[Problem description] Only the lines from the one with "Whether you're slicing" through the last line of the data below are to be duplicated, exactly and without pictures.

[Data segment]
------------------------------

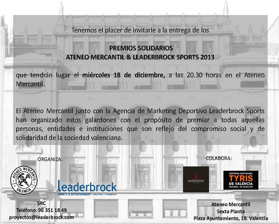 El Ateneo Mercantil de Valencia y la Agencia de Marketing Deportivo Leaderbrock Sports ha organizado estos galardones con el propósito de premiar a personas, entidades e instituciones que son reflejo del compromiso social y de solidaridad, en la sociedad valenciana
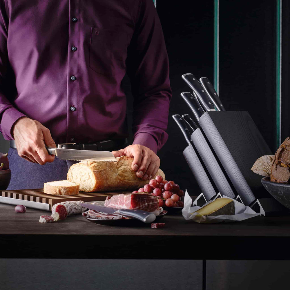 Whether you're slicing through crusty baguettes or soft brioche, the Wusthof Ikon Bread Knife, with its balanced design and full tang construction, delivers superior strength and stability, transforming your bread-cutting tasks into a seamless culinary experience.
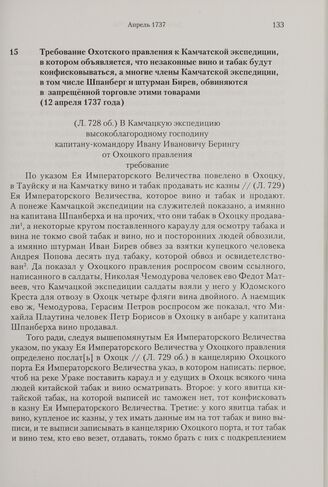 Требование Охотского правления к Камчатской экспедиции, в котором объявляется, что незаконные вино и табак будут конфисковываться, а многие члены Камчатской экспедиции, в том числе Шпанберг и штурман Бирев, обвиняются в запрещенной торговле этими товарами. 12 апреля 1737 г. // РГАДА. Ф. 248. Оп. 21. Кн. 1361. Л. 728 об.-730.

------------------------------

[Exercise solution]
 Whether you're slicing through crusty baguettes or soft brioche, the Wusthof Ikon Bread Knife, with its balanced design and full tang construction, delivers superior strength and stability, transforming your bread-cutting tasks into a seamless culinary experience.
 Требование Охотского правления к Камчатской экспедиции, в котором объявляется, что незаконные вино и табак будут конфисковываться, а многие члены Камчатской экспедиции, в том числе Шпанберг и штурман Бирев, обвиняются в запрещенной торговле этими товарами. 12 апреля 1737 г. // РГАДА. Ф. 248. Оп. 21. Кн. 1361. Л. 728 об.-730.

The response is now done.